One of the domains experiencing rapid advancement due to relational AI is word cloning, a process involving the replication of a person’s speech characteristics, encompassing pitch, tone, rhythm, mannerisms, and unique vocal nuances.
Meta Platforms, the parent company of Facebook, Instagram, WhatsApp, and Oculus VR, has introduced its own comprehensive word cloning system named Audiobox. Concurrently, enterprises like ElevenLabs have garnered substantial revenue by focusing on this innovative field.
Recently, researchers from the Facebook AI Research (FAIR) lab unveiled Audiobox on Meta’s platform. This system, described as a “novel foundational research model for audio generation,” is an evolution of their prior work known as Voicebox.
Audiobox, as detailed on its website, utilizes a blend of word inputs and natural language prompts to create voices and sound effects efficiently, catering to various applications such as music production.
Users can simply input the desired phrase for replication or an outline of the intended sound, allowing Audiobox to handle the replication process seamlessly. Additionally, individuals have the option to record and clone their own speech using Audiobox.
Meta has introduced a range of AI models under the Audiobox umbrella, designed for speech manipulation and generating diverse sounds and rhythmic effects like animal noises or ambient sounds. These models are all based on the self-supervised learning (SSL) framework of Audiobox.
Unlike supervised learning that relies on labeled data, SSL is a deep learning technique where AI algorithms generate labels for unlabeled data. The FAIR researchers emphasized the significance of SSL in their methodology, aiming to train the model using audio data without conventional supervision like transcripts or captions.

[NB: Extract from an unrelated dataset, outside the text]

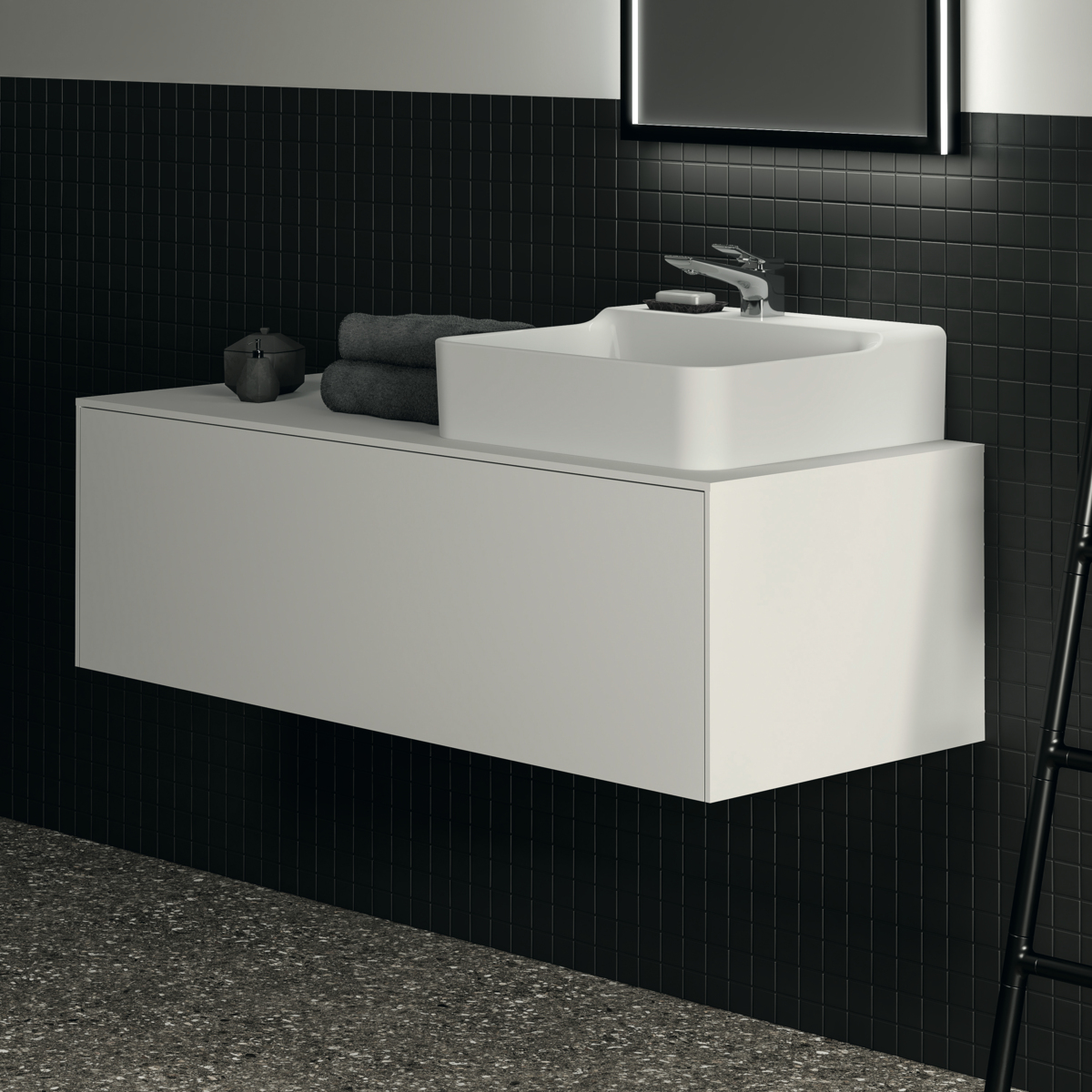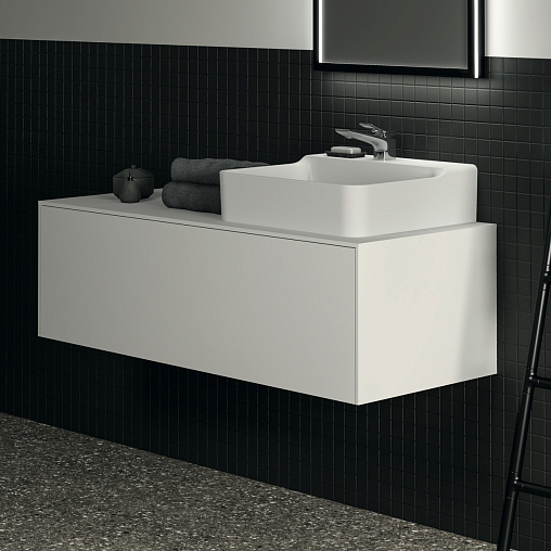 CONCA Тумба 120 см для раковины (вырез в столешнице под заказ). Комбинированная система для удобного использования (открытие "Push to open" + закрытие "Soft close"). Внутренняя отделка ящиков цвета антрацит. 1 ящик.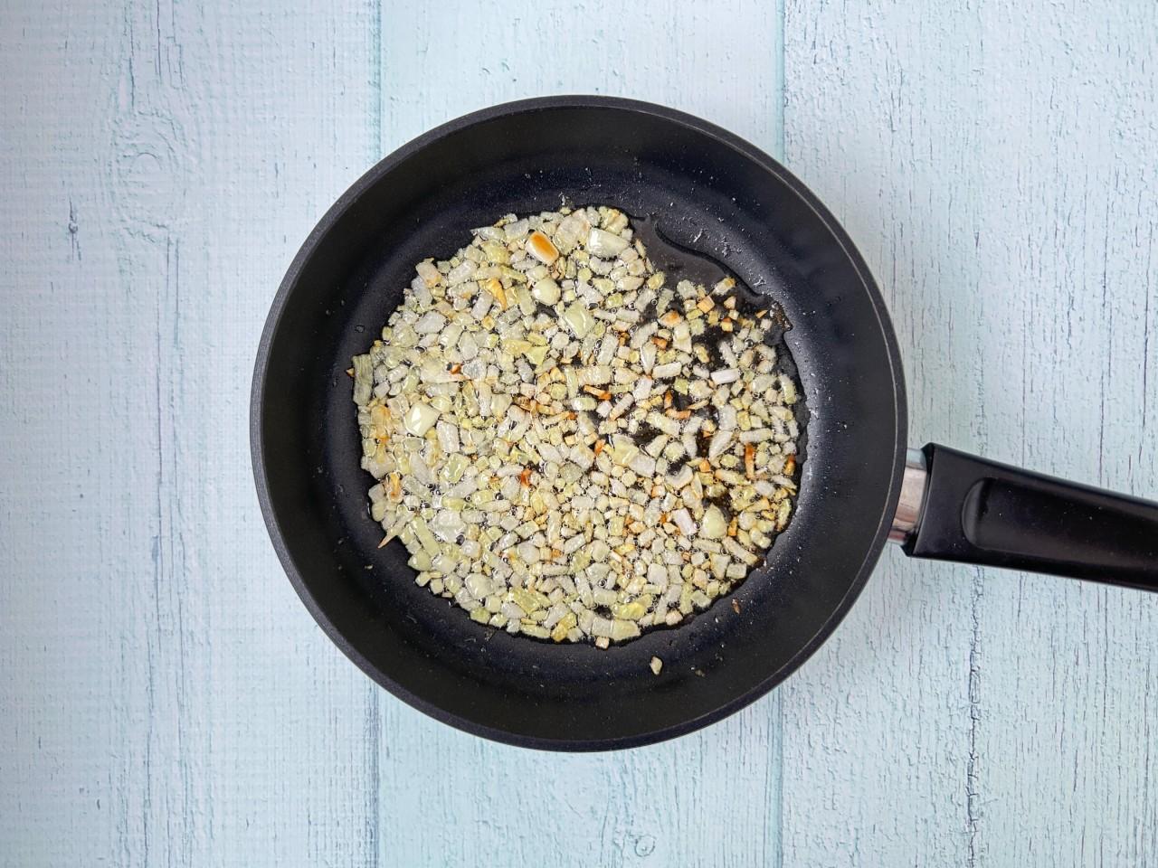 На сковороде разогрейте 1 ст.л. растительного масла, добавьте нарезанный лук и обжарьте до золотистого цвета. Не торопитесь: лук должен стать мягким и прозрачным, с легким карамельным оттенком — это уберет излишнюю резкость и добавит сладость в готовые котлеты.

Although AI models like Audiobox heavily rely on human-generated data for training, the FAIR researchers utilized a vast dataset comprising 160K hours of speech, 20K hours of music, and 6K hours of sound samples.
The dataset encompasses various audio sources like audiobooks, podcasts, speeches, and real-world recordings in diverse languages and accents to ensure inclusivity and accuracy across different demographics.
While the origin of the data used remains unspecified in the research paper, concerns have been raised regarding potential copyright issues, prompting inquiries into the data’s sourcing and usage permissions.
Meta has provided interactive demonstrations showcasing Audiobox’s capabilities, allowing users to replicate their voices and experiment with creating new voices based on textual descriptions or user-recorded samples.
Furthermore, Meta restricts the use of Audiobox in certain states like Illinois and Texas due to regulatory constraints, limiting its current application for commercial purposes in those regions.
As AI technologies rapidly evolve, it is anticipated that Audiobox and similar innovations will undergo further developments, potentially leading to commercial availability and expanded usability in the near future.